Exercise brief: Copy the records exactly, leaving out every picture.

Data excerpts:
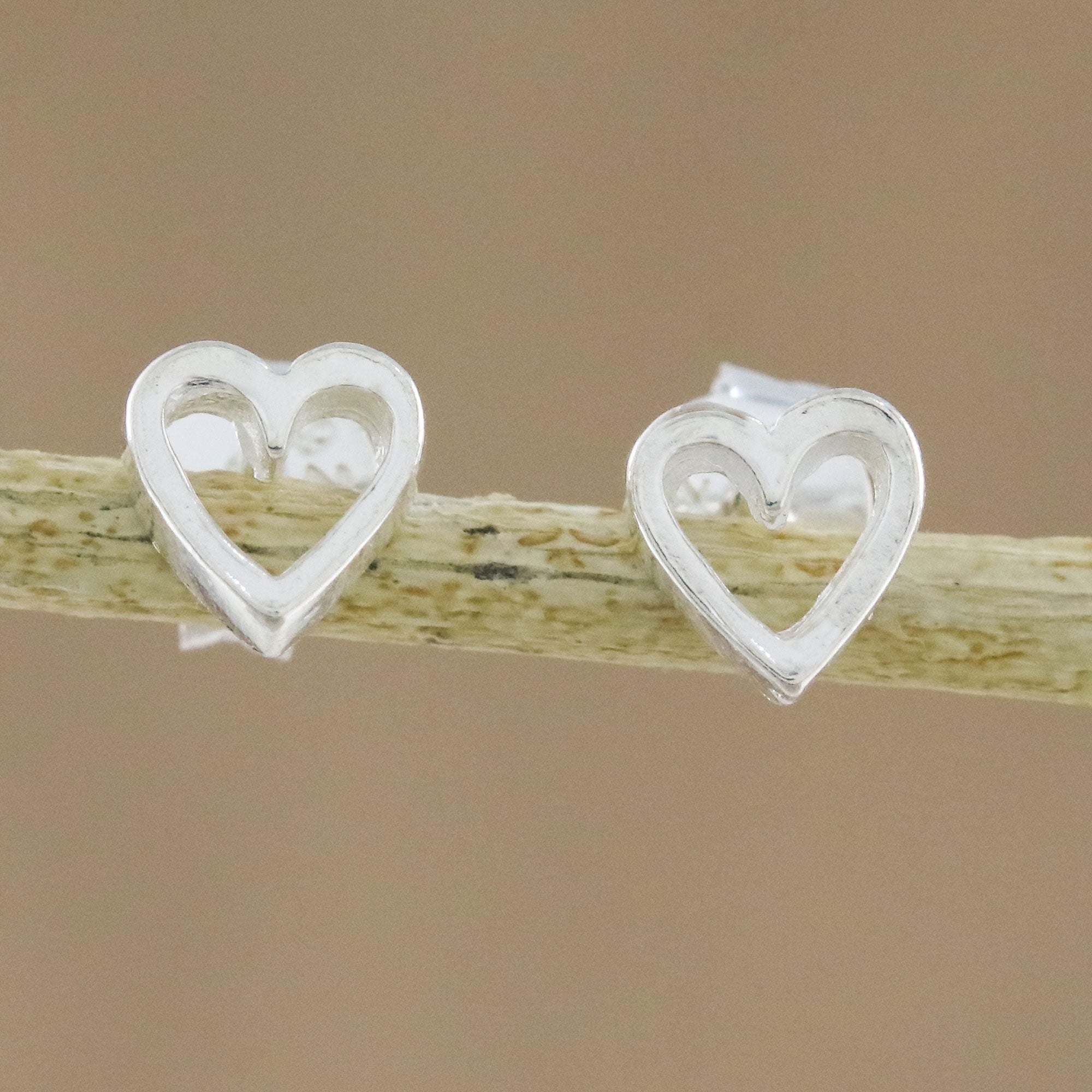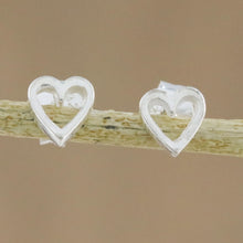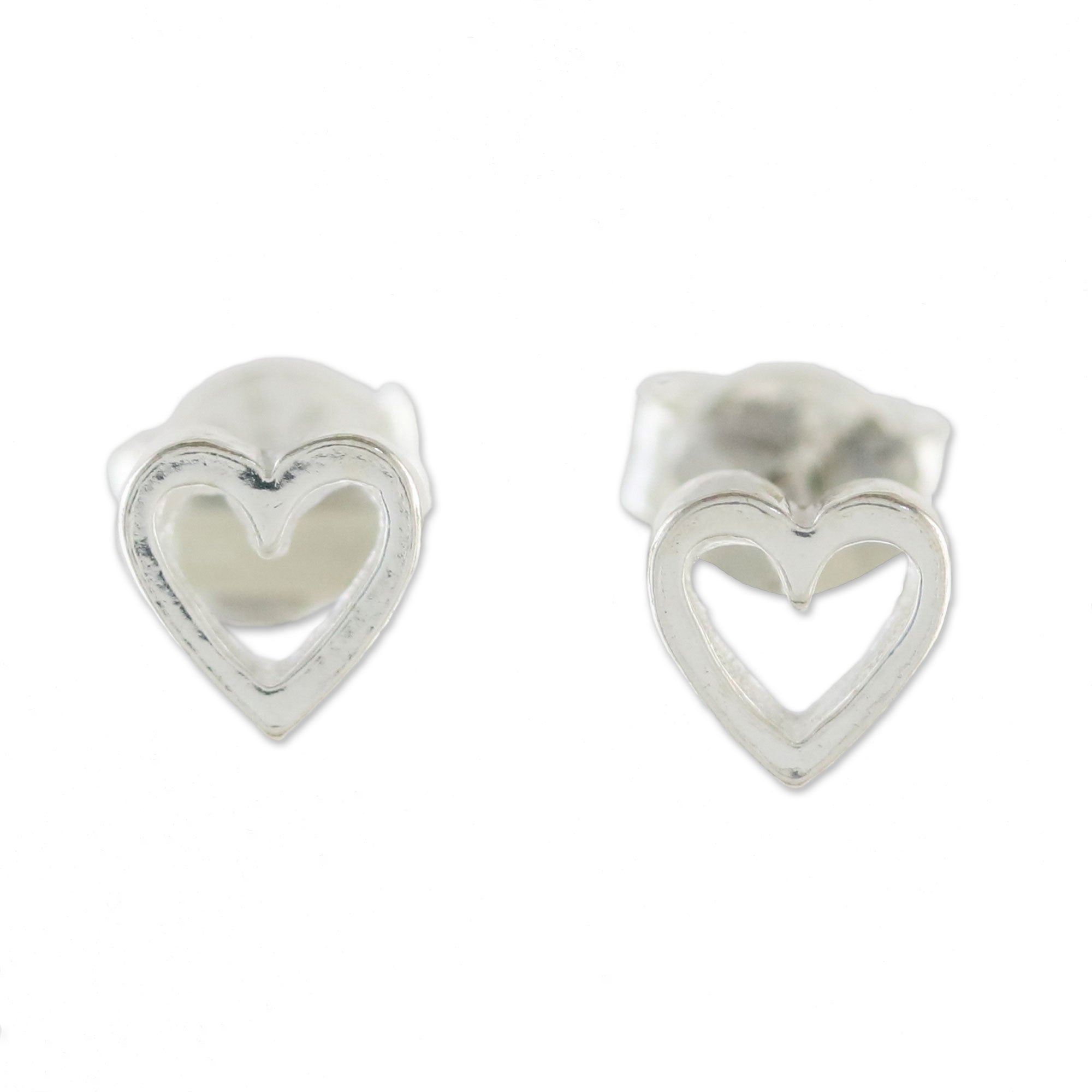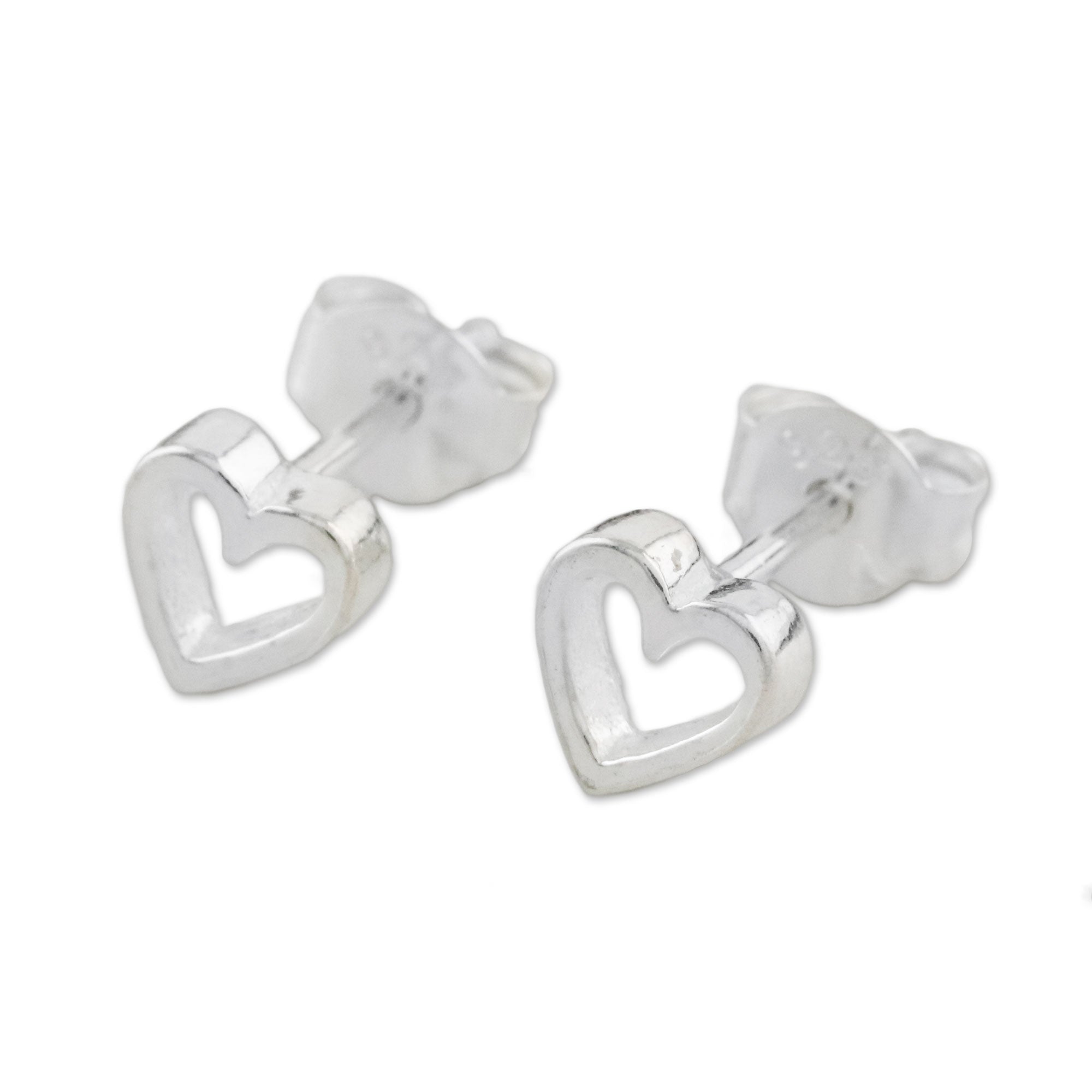 Give this message of love to someone special in your life. Presented by Thailand's Wadarat Supasirisuk, two heart-shaped stud earrings are crafted of sterling silver by local artisans.
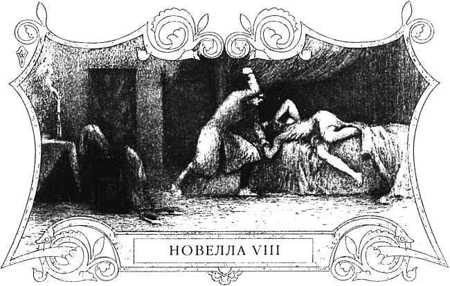 Когда они переговорили об этом, Аникино, оставив даму, пошел по кое-каким своим делам, ожидая с величайшей в свете радостью, чтобы наступила ночь. Эгано, вернувшийся с охоты, поужинав и чувствуя усталость, пошел спать; а жена за ним, оставив, по обещанию, дверь комнаты открытой. В указанный ему час Аникино подошел к ней и, тихо войдя в комнату, запер изнутри дверь, направился в сторону, где спала дама, и, положив ей руку на грудь, увидел, что она не спит. Когда она услышала, что Аникино пришел, схватила в обе руки его руку и, крепко держа ее, так стала ворочаться на постели, что разбудила Эгано и сказала ему: «Вчера вечером я ничего не хотела говорить тебе, ибо мне казалось, ты устал; а теперь скажи мне – да поможет тебе Господь, Эгано! – кого ты считаешь самым лучшим и честным и кого наиболее любишь из всех слуг, какие у тебя в доме?» Эгано ответил: «К чему это ты меня спрашиваешь о том, жена? Разве не знаешь? У меня нет и никогда не было такого, кому бы я так доверялся и верю и кого так люблю, как доверяю и люблю Аникино; но зачем ты меня о том спрашиваешь?»
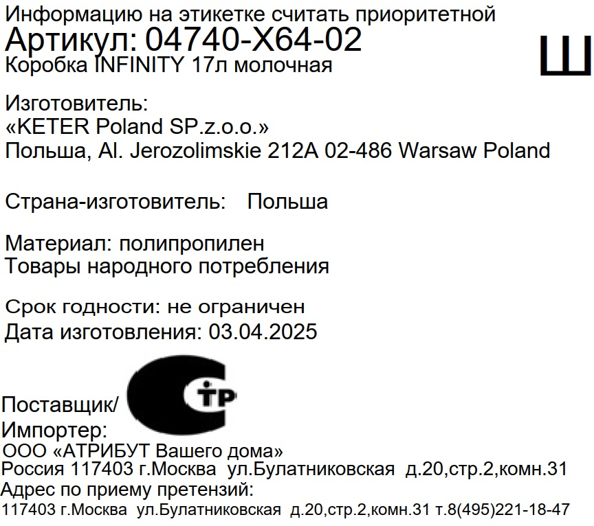 Корзина для хранения Curver Infinity молочная 17л, 35.5 x 26.2 x 21.9см
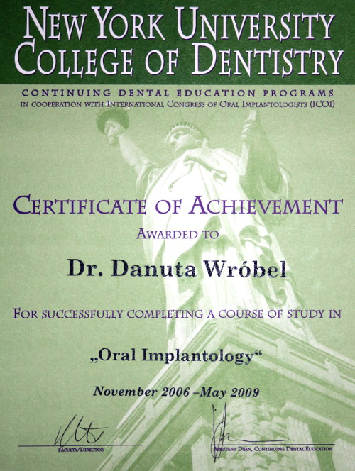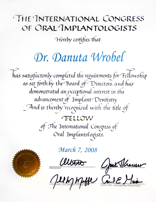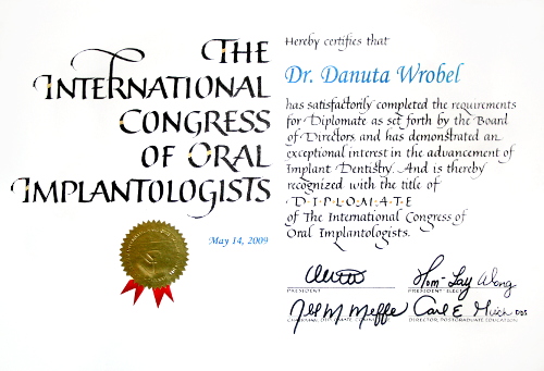 - Prestigious Diplomate title from the International Congress of Oral Implantologists
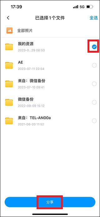浏览并勾选需要分享的文件,最后点击底部的"分享"按钮完成操作。
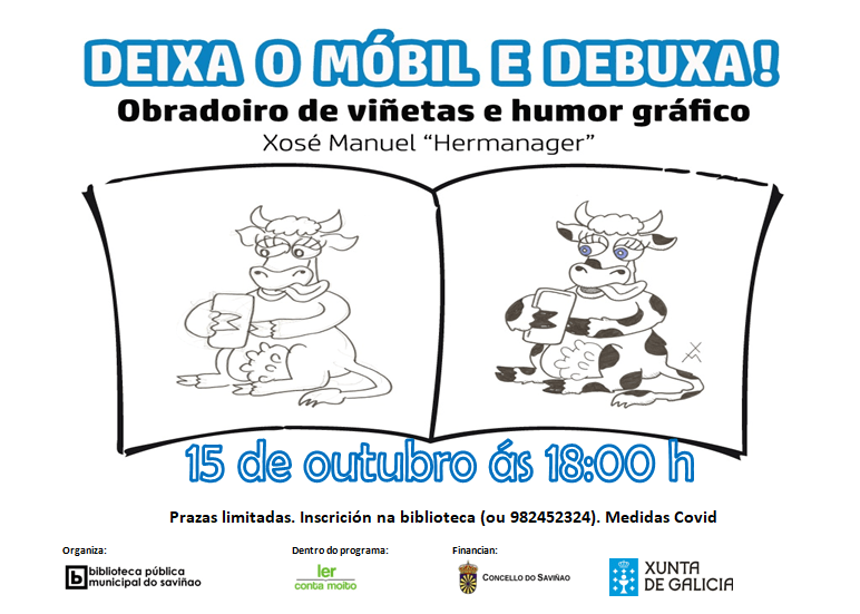 - Venres 15 de outubro: Deixa o móbil e debuxa: obradoiro de viñetas e humor gráfico con Xosé Manuel Hermanager, iniciación á ilustración e banda deseñada, ás 16h.

Answer space:
 Give this message of love to someone special in your life. Presented by Thailand's Wadarat Supasirisuk, two heart-shaped stud earrings are crafted of sterling silver by local artisans.
 Когда они переговорили об этом, Аникино, оставив даму, пошел по кое-каким своим делам, ожидая с величайшей в свете радостью, чтобы наступила ночь. Эгано, вернувшийся с охоты, поужинав и чувствуя усталость, пошел спать; а жена за ним, оставив, по обещанию, дверь комнаты открытой. В указанный ему час Аникино подошел к ней и, тихо войдя в комнату, запер изнутри дверь, направился в сторону, где спала дама, и, положив ей руку на грудь, увидел, что она не спит. Когда она услышала, что Аникино пришел, схватила в обе руки его руку и, крепко держа ее, так стала ворочаться на постели, что разбудила Эгано и сказала ему: «Вчера вечером я ничего не хотела говорить тебе, ибо мне казалось, ты устал; а теперь скажи мне – да поможет тебе Господь, Эгано! – кого ты считаешь самым лучшим и честным и кого наиболее любишь из всех слуг, какие у тебя в доме?» Эгано ответил: «К чему это ты меня спрашиваешь о том, жена? Разве не знаешь? У меня нет и никогда не было такого, кому бы я так доверялся и верю и кого так люблю, как доверяю и люблю Аникино; но зачем ты меня о том спрашиваешь?»
 Корзина для хранения Curver Infinity молочная 17л, 35.5 x 26.2 x 21.9см
 - Prestigious Diplomate title from the International Congress of Oral Implantologists
浏览并勾选需要分享的文件,最后点击底部的"分享"按钮完成操作。
 - Venres 15 de outubro: Deixa o móbil e debuxa: obradoiro de viñetas e humor gráfico con Xosé Manuel Hermanager, iniciación á ilustración e banda deseñada, ás 16h.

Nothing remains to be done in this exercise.